Ignoring every picture, return the lines of the listing below word for word, from the line that holds "Amanda Kloots, viúva" through the line that holds "Er wordt met".

§ MATERIAL PROVIDED:
= = = = = = =
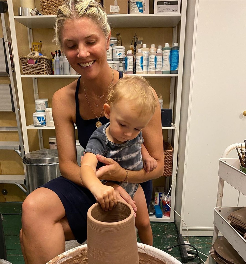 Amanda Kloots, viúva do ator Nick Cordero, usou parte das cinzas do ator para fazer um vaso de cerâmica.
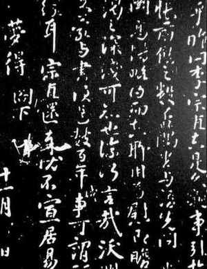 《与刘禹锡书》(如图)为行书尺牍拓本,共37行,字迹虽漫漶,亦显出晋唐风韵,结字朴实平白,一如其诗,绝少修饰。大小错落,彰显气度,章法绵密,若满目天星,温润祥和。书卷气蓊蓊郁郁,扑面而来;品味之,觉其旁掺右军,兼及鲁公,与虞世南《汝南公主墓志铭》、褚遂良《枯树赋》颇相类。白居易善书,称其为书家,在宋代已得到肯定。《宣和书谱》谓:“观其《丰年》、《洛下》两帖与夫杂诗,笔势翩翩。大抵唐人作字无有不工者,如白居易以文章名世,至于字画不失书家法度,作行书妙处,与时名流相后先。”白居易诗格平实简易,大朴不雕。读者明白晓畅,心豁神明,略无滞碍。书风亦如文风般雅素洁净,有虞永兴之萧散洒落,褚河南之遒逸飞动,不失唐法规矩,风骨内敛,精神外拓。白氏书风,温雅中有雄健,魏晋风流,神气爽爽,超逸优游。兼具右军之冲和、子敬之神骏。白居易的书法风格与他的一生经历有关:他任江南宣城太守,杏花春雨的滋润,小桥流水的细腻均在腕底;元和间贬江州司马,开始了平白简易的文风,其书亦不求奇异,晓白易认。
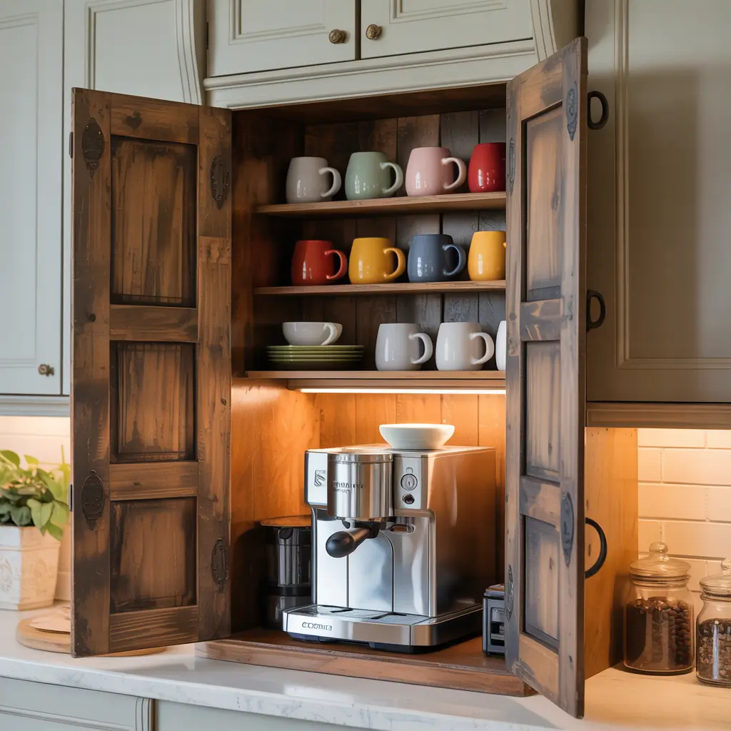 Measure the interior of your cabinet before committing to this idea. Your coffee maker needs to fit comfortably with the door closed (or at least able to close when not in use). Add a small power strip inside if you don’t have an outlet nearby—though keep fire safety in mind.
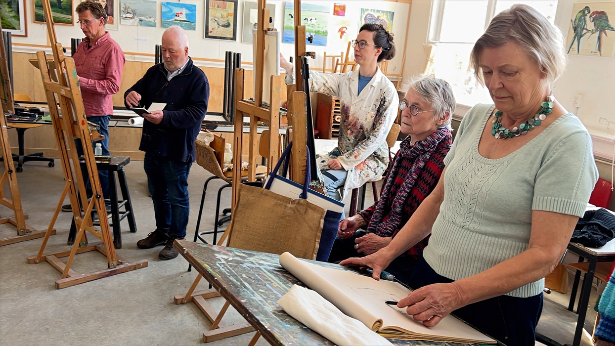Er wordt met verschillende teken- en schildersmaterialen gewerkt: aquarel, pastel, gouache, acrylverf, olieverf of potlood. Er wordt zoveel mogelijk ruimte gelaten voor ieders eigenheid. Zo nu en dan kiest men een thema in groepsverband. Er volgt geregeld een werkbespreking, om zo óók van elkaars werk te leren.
= = = = = = =
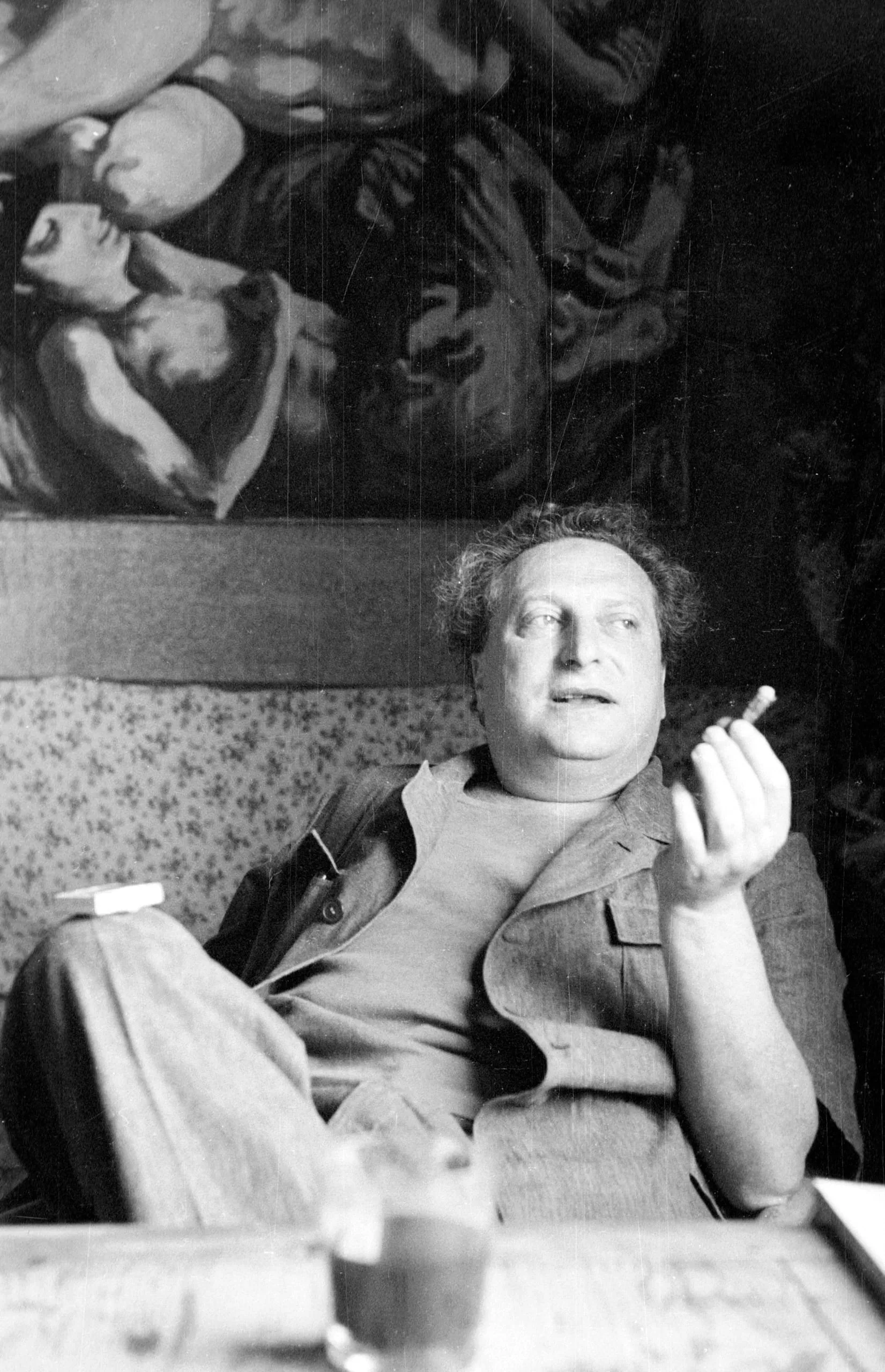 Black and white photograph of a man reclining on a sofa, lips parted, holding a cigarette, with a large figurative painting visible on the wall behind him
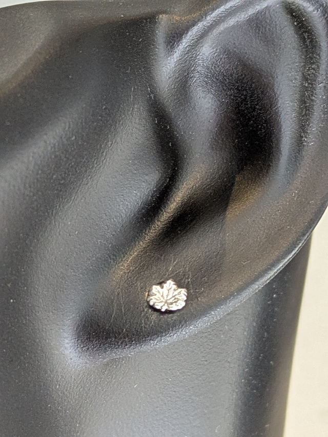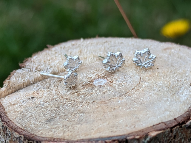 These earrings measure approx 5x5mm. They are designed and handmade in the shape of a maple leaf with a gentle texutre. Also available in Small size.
= = = = = = =
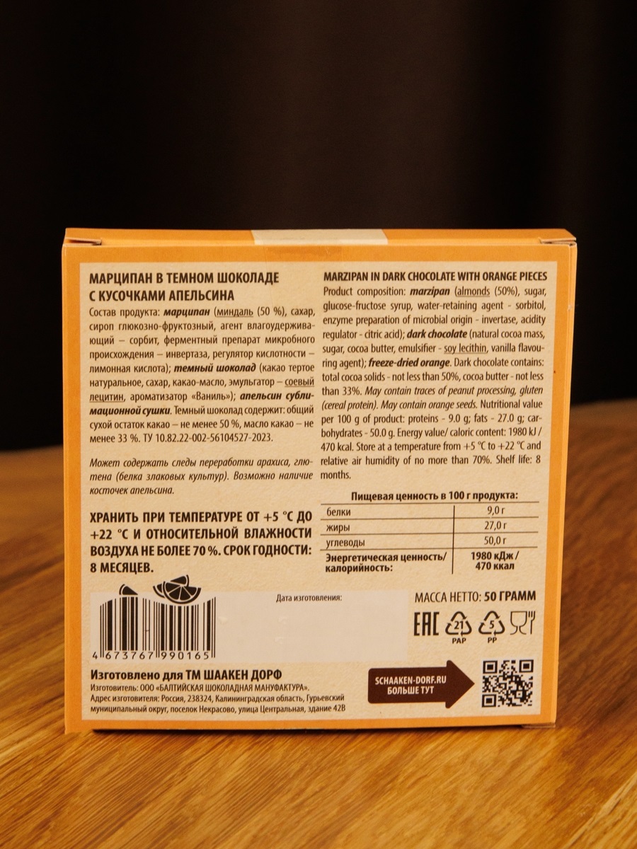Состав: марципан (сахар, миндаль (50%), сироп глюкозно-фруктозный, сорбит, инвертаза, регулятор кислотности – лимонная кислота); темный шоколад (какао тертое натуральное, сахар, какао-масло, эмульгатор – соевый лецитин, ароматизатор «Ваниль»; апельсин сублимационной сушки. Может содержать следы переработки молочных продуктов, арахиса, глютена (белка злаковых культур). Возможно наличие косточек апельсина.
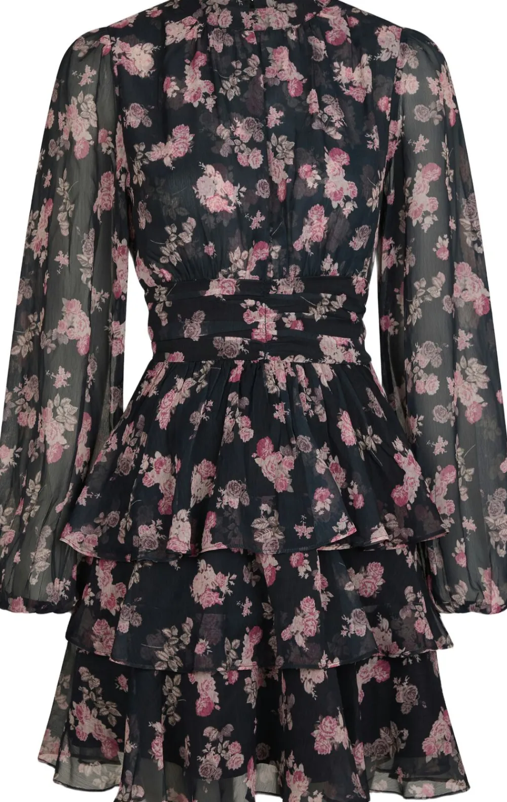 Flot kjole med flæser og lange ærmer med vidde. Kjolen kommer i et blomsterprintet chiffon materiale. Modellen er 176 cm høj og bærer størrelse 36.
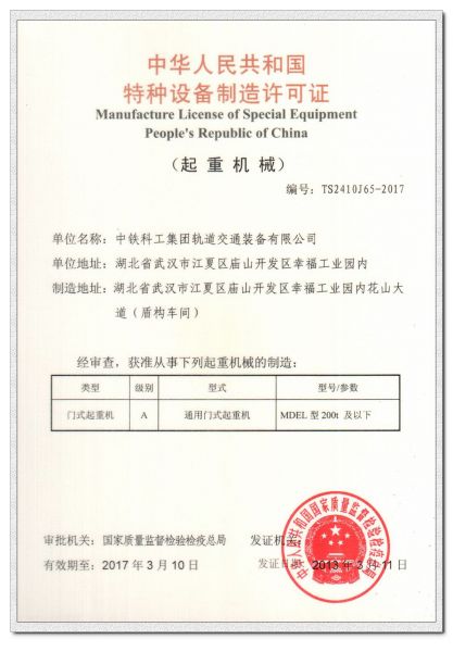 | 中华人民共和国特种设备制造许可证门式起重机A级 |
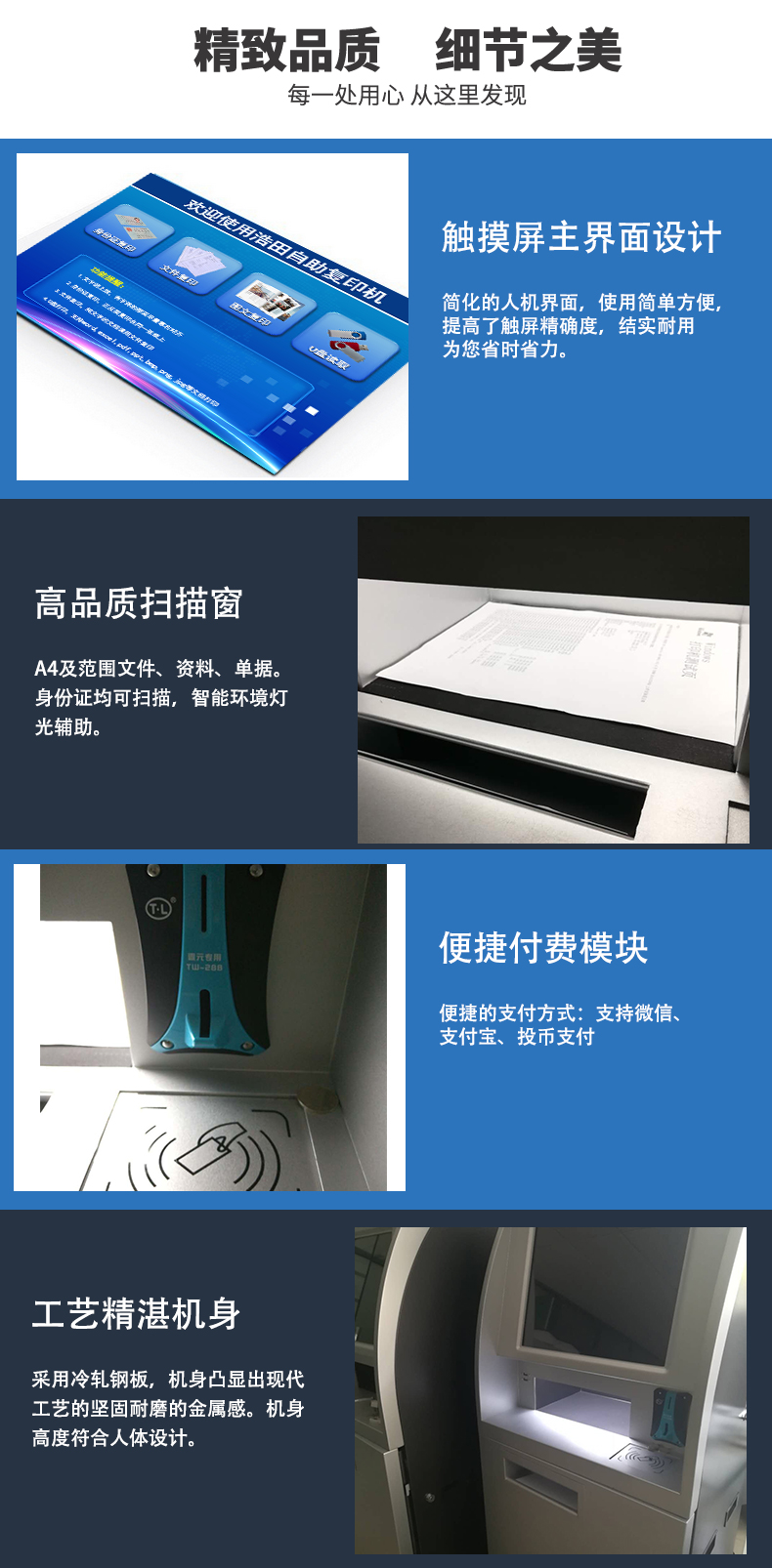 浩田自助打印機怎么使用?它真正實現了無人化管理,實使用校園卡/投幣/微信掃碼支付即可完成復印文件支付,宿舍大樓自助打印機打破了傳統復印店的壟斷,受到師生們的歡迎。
= = = = = = =
§ ANSWER BELOW:
 Amanda Kloots, viúva do ator Nick Cordero, usou parte das cinzas do ator para fazer um vaso de cerâmica.
 《与刘禹锡书》(如图)为行书尺牍拓本,共37行,字迹虽漫漶,亦显出晋唐风韵,结字朴实平白,一如其诗,绝少修饰。大小错落,彰显气度,章法绵密,若满目天星,温润祥和。书卷气蓊蓊郁郁,扑面而来;品味之,觉其旁掺右军,兼及鲁公,与虞世南《汝南公主墓志铭》、褚遂良《枯树赋》颇相类。白居易善书,称其为书家,在宋代已得到肯定。《宣和书谱》谓:“观其《丰年》、《洛下》两帖与夫杂诗,笔势翩翩。大抵唐人作字无有不工者,如白居易以文章名世,至于字画不失书家法度,作行书妙处,与时名流相后先。”白居易诗格平实简易,大朴不雕。读者明白晓畅,心豁神明,略无滞碍。书风亦如文风般雅素洁净,有虞永兴之萧散洒落,褚河南之遒逸飞动,不失唐法规矩,风骨内敛,精神外拓。白氏书风,温雅中有雄健,魏晋风流,神气爽爽,超逸优游。兼具右军之冲和、子敬之神骏。白居易的书法风格与他的一生经历有关:他任江南宣城太守,杏花春雨的滋润,小桥流水的细腻均在腕底;元和间贬江州司马,开始了平白简易的文风,其书亦不求奇异,晓白易认。
 Measure the interior of your cabinet before committing to this idea. Your coffee maker needs to fit comfortably with the door closed (or at least able to close when not in use). Add a small power strip inside if you don’t have an outlet nearby—though keep fire safety in mind.
Er wordt met verschillende teken- en schildersmaterialen gewerkt: aquarel, pastel, gouache, acrylverf, olieverf of potlood. Er wordt zoveel mogelijk ruimte gelaten voor ieders eigenheid. Zo nu en dan kiest men een thema in groepsverband. Er volgt geregeld een werkbespreking, om zo óók van elkaars werk te leren.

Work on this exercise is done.